From auspicious beginnings, a career is crafted 

David Prentice has worked as a violin maker for more than 35 years, building violins and violas for musicians in the orchestral and chamber music worlds. Prentice was born and raised in Sault Ste Marie, Ontario. After graduating from the University of Waterloo with a degree in mathematics, he became fascinated by the world of stringed instruments. 
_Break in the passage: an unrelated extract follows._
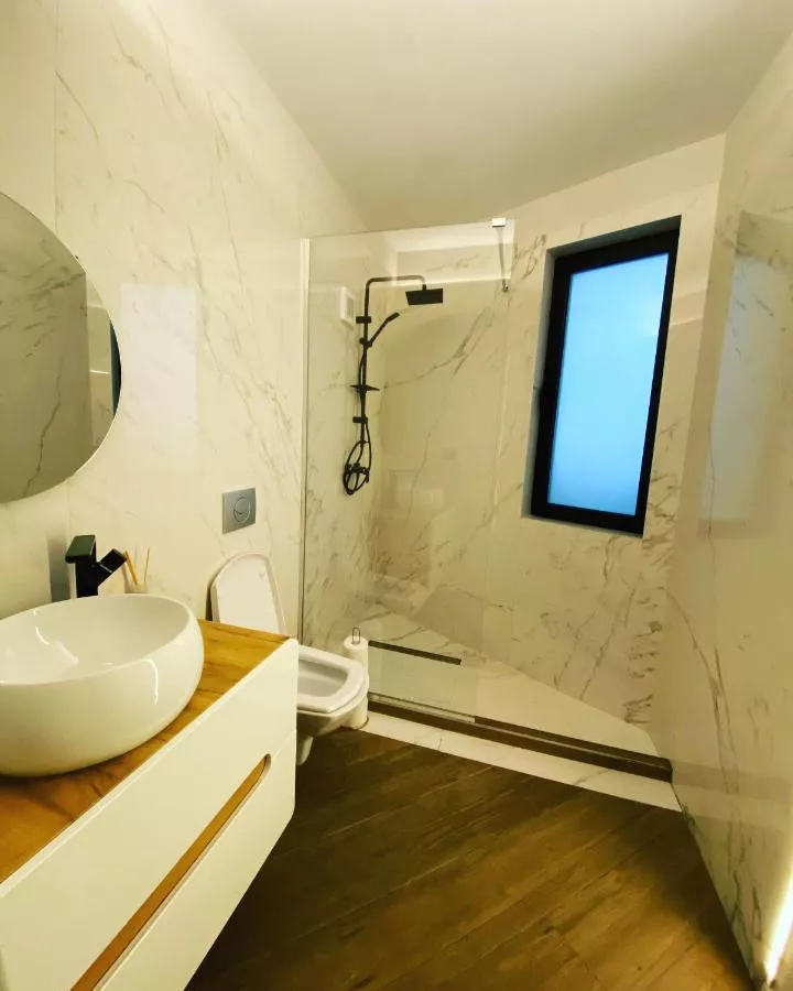Bucătărie: Masă Frigider Plită de gătit Ustensile de bucătărie Chicinetă Cană fierbător Bucătărie Uscător de haine Media/Tehnologie: TV cu ecran plat TV Serviciu de streaming (ex. Netflix) Canale prin cablu Canale prin satelit Zonă de living: Canapea Zonă de relaxare Zonă de luat masa Baie: Prosoape Articole de toaletă gratuite Papuci de casă Uscător de păr Toaletă Duş Hârtie igienică Baie privată Caracteristicile clădirii: Apartament privat în clădire Facilităţile camerei: Priză lângă pat Canapea extensibilă Mâncăruri și băuturi: Aparat pentru prepararea de ceai/cafea Minibar Dormitor: Lenjerie de pat Garderobă sau dulap General : Pardoseală de gresie/marmură Încălzire Curățenie și dezinfectare: Dezinfectant pentru mâini

From mathematics to making 

What inspired the move from mathematics to the world of making? “I heard a teacher play in a small hall. It was the first time I heard a good violin being played by a really good player. I was immediately transfixed by that sound. That led me to want to learn to play the violin in my mid-20s. Then, I thought it would be interesting to try to make a violin.” He was steered in the direction of Joseph Curtin (a student of Otto Erdesz), and David was inspired by the work he was doing. So he took a weekly course at the Ontario College of Art (now OCAD) in instrument making. 


Fortuitous circumstances 

“I loved the whole process – the workbenches at OCA, the tools, the smell of wood, people making things.” David made his first violin and said to himself, what now? “Make another, of course,” he says. By that point he was in his early 30s and wasn’t about to go the traditional route of violin making school. “I just threw myself into it,” he says, not realizing what he was up against, but fortunate that he could ask questions of some makers he had met. “Some of my early violas sounded really good,” David says, and through fortuitous circumstances a distant relative was a neighbour of someone who played in the National Arts Centre Orchestra in Ottawa, to whom David sold his first viola. “The excitement of that first sale was something you can’t replicate,” David says. That was in the early 1980s, a time where there was a clear need for new, well-made instruments that sounded good and were reasonably priced. 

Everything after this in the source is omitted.